The visualisation looks alot like the previous bar charts, but the difference here is facet_wrap, which creates three bar charts for each type of interaction:

Step 3: Reproducible and Systematic Selection of datapoints for Close Reading

One of the great advantages of combining close and distant reading is the possibility it presents for making a systematic and reproducible selection of datapoints for close reading. When you have explored your dataset with two different kinds of distant reading in step 1 and step 2, you can use these insights to systematically select specific datapoints for a closer reading. A close reading will enable you to further unpack and explore interesting trends in your data and chosen phenomena, or other features of interest, to investigate in depth.

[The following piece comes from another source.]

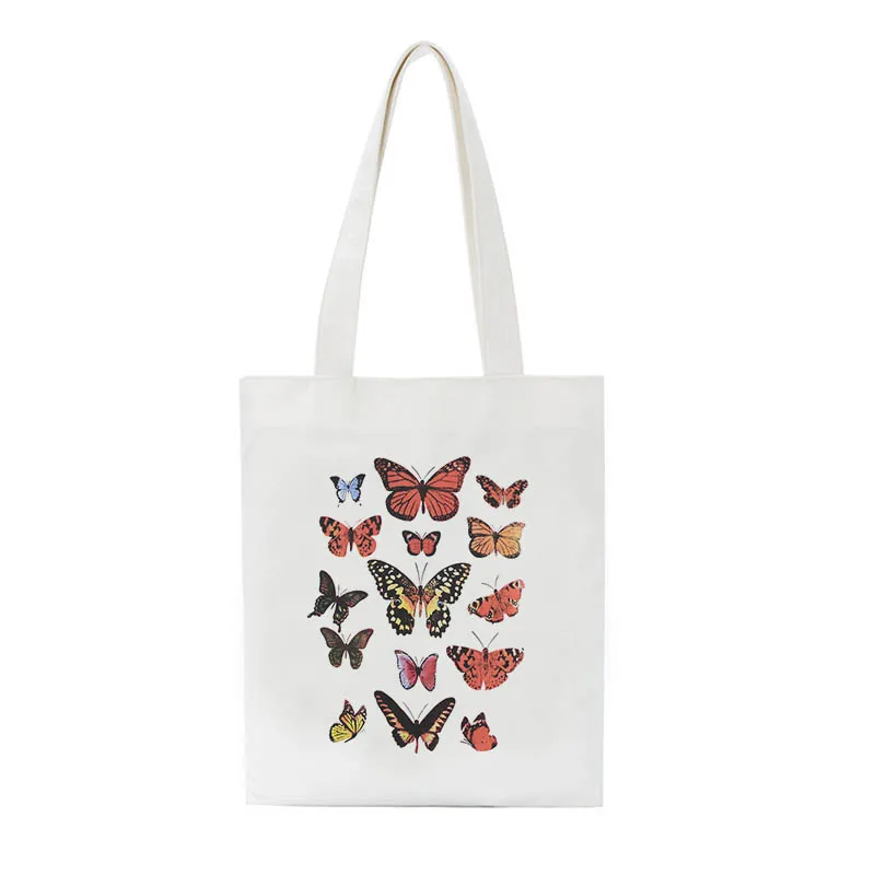 Женская винтажная Холщовая Сумка в стиле ольччан, шикарная Милая вместительная сумочка на плечо в Корейском стиле, в стиле Харадзюку, с принтом бабочки, лето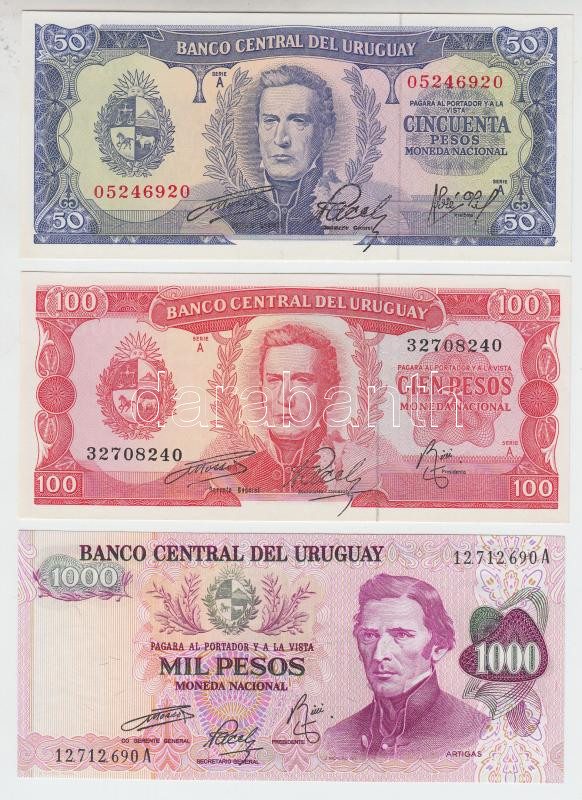 Uruguay 1967. 50 Pesos + 100 Pesos + 1974. 1000 Pesos C:UNC

How many datapoints you choose to close read will be dependent on what phenomena you are researching, how much time you have, and how complex the data is. For instance, analysing individual artwork might be much more time-consuming than reading individual tweets, but it of course depends on your purpose. It is, therefore, important that you are systematic in your selection of datapoints in order to ensure compliance with your research questions. In our case, we wanted to know more about how the top-liked tweets represented Sesame Street; how did they talk about the show and its history, did they link to other media, and how was the show represented visually, for instance with pictures, links to videos, memes, etc? Knowing the interesting relationship between the little representation, but high interaction level of tweets from verified accounts, we wanted to do a close reading of the top 20 liked tweets not only overall, but also from the top 20 non-verified accounts to see if these were different in the way they talked about the show and its history. We chose the top 20 because this seemed like a task we could actually manage within the time we had at our disposal.

If you were working on data from the National Gallery, you might want to select the top 5 or 10 most displayed or borrowed artworks from Danish and international artists, to further investigate their differences or commonalities doing a close reading of their artists, type of artwork, motive, content, size, a period in art history, etc.

Example of reproducible and systematic selection for close reading: Twitter data

In this example you are interested in selecting the top 20 liked tweets overall. Knowing that many of these tweets probably are from verified accounts, you also want to select the top 20 tweets from non-verified accounts to be able to compare and contrast the two categories.

To examine original tweets only, you start by filtering away all the tweets that are "retweets."

At the top right corner of the R Studios interface, you will find your R "Global Environment" containing the dataframe sesamestreet_data. By clicking the dataframe, you will be able to view the rows and columns containing your twitter data. Looking to the column "is_retweet", you will see that this column indicates whether a tweet is a retweet by the values TRUE or FALSE.

Going back to your R Markdown, which is the document you are writing your code and text in, you are now able to use the filter-function to retain all rows stating that the tweet is not a retweet. R-markdown is a fileformat which supports R code and text. You then arrange the remaining tweets by the tweets’ favorite count which is found in the "favorite_count" column.

Both the filter-function and the arrange-function come from the dplyr package which is part of tidyverse.

sesamestreet_data %>% 
  filter(is_retweet == FALSE) %>% 
  arrange(desc(favorite_count))

(Output removed because of privacy reasons)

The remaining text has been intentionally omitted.